START The data

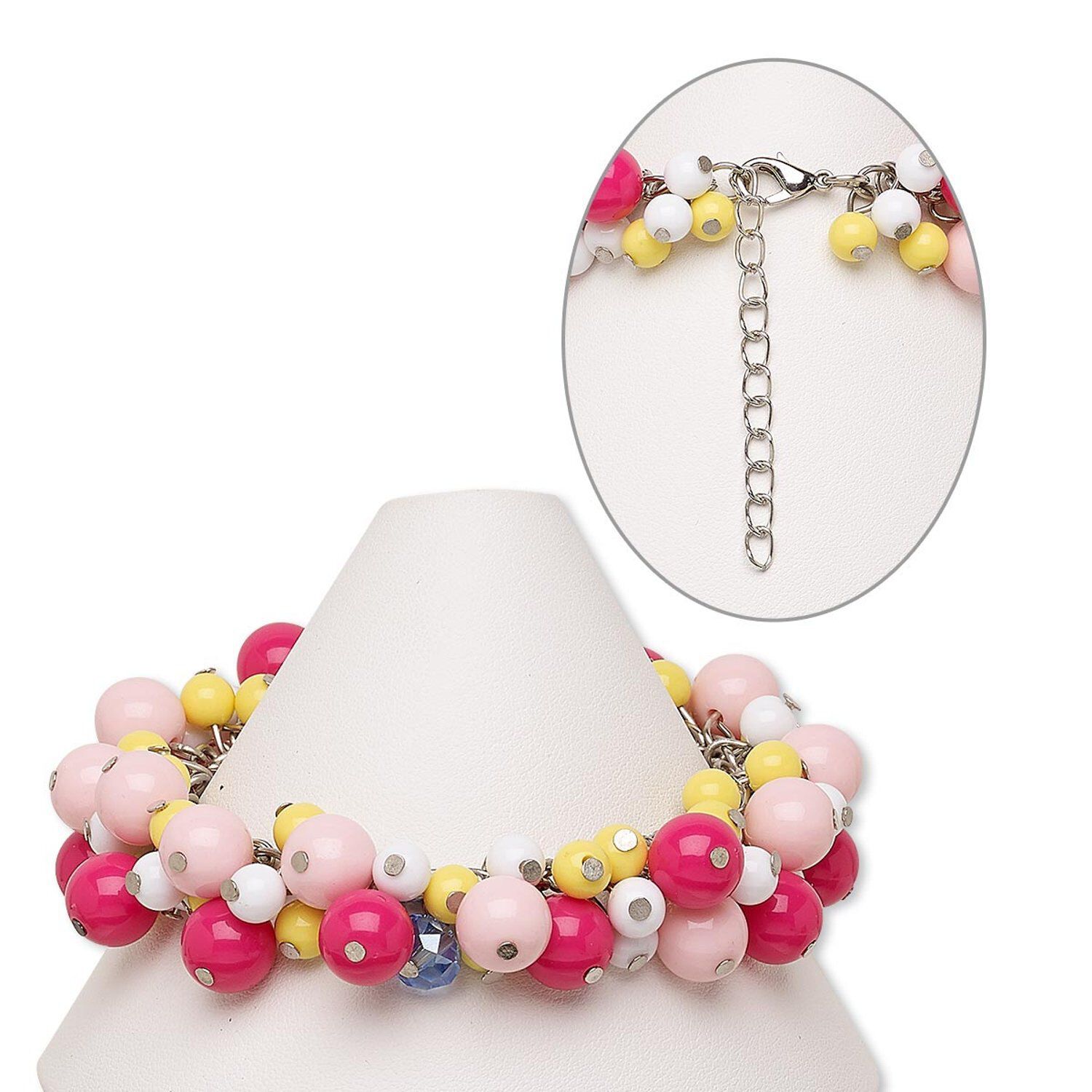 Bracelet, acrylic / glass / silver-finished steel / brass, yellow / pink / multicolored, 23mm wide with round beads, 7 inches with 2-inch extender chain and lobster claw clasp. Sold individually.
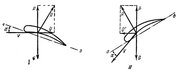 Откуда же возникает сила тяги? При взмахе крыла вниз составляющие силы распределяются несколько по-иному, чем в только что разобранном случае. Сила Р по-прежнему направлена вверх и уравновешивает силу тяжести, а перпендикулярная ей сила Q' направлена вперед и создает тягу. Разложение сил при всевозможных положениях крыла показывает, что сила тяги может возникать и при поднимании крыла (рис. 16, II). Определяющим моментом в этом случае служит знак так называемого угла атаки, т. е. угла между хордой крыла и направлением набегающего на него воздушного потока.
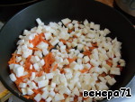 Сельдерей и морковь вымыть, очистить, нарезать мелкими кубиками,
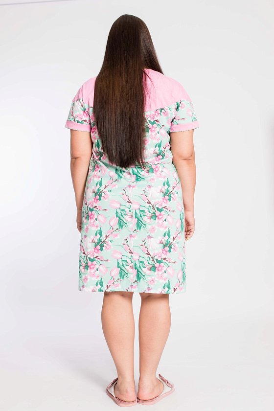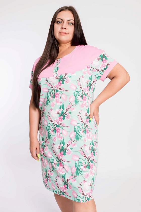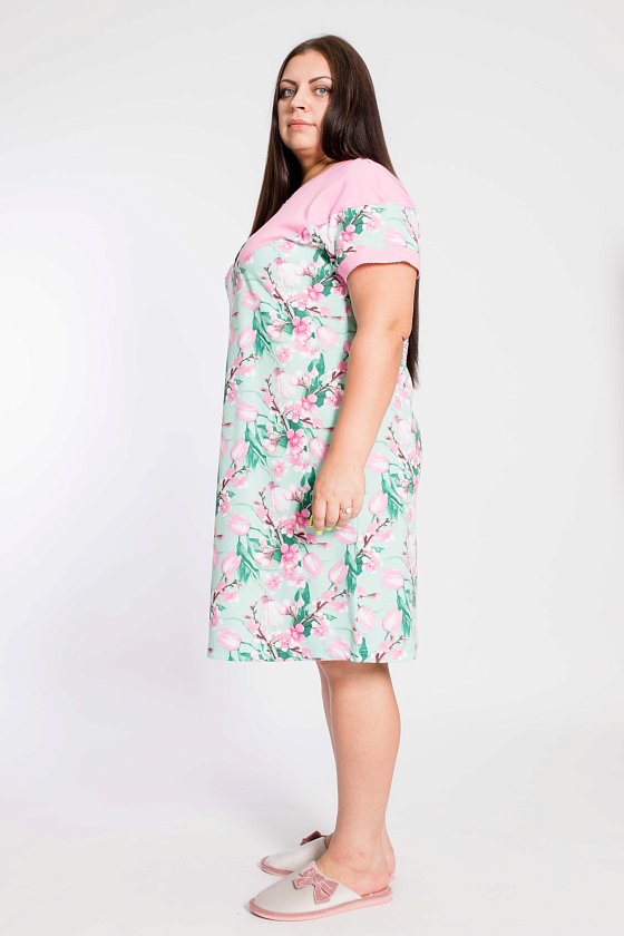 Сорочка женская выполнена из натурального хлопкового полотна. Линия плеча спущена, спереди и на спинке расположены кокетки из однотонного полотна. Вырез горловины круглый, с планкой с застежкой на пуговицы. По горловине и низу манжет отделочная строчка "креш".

END The data
START The data

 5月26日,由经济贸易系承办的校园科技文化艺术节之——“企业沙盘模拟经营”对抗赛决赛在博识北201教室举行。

END The data
START The data

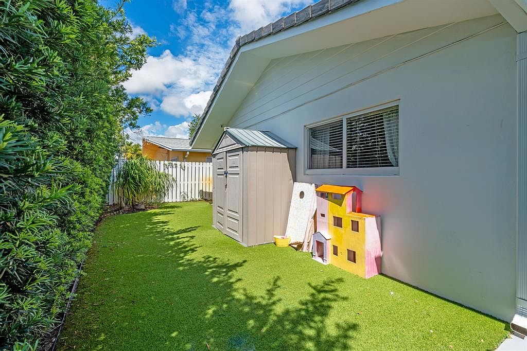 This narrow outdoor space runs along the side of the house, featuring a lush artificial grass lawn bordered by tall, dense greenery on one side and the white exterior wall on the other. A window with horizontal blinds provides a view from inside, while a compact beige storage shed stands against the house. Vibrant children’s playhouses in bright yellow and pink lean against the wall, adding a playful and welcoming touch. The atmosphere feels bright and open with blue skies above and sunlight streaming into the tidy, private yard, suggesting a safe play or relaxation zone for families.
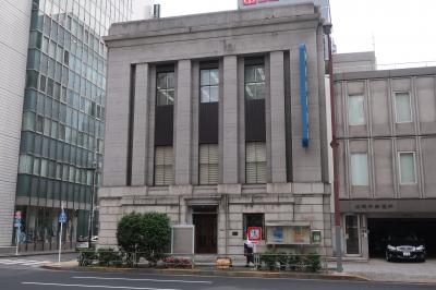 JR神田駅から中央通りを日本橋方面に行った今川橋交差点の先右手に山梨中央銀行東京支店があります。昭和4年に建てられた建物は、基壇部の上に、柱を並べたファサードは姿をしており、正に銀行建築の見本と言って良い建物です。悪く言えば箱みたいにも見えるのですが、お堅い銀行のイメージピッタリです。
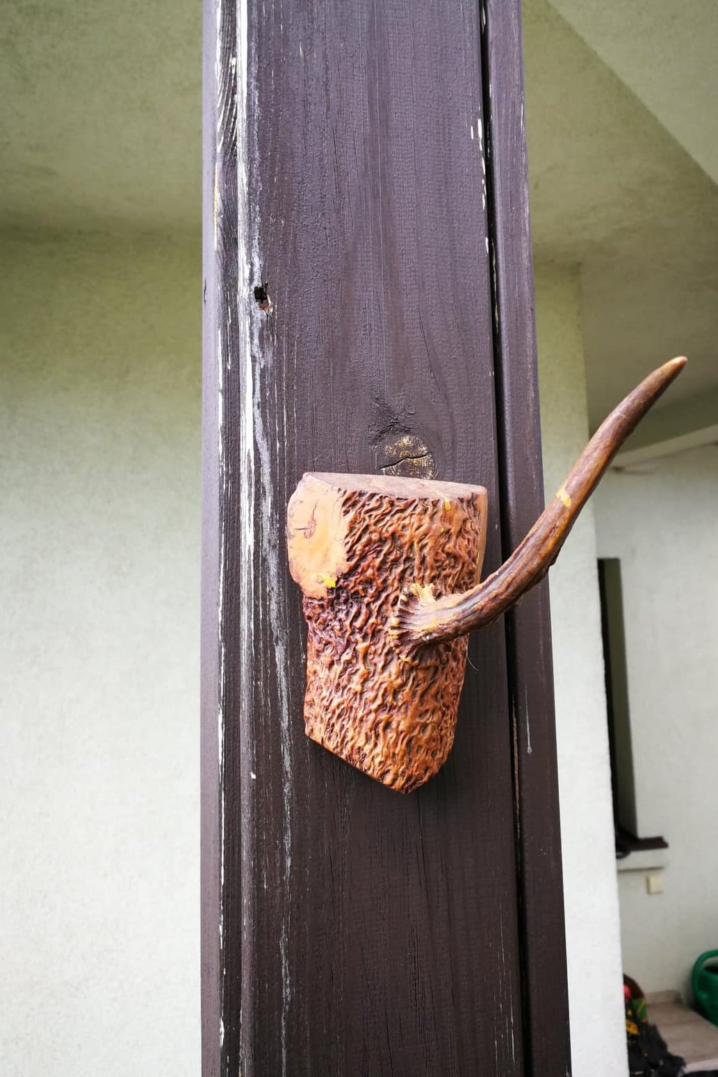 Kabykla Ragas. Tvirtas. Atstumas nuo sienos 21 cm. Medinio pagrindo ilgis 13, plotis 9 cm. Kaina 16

END The data

▶ **How to complete this task**: Keep to the lines above from the line with "Сельдерей и морковь" to the line with "Сорочка женская выполнена", and set down exactly those, inclusive, with nothing else and every picture left out.

▶ **Result**:
 Сельдерей и морковь вымыть, очистить, нарезать мелкими кубиками,
 Сорочка женская выполнена из натурального хлопкового полотна. Линия плеча спущена, спереди и на спинке расположены кокетки из однотонного полотна. Вырез горловины круглый, с планкой с застежкой на пуговицы. По горловине и низу манжет отделочная строчка "креш".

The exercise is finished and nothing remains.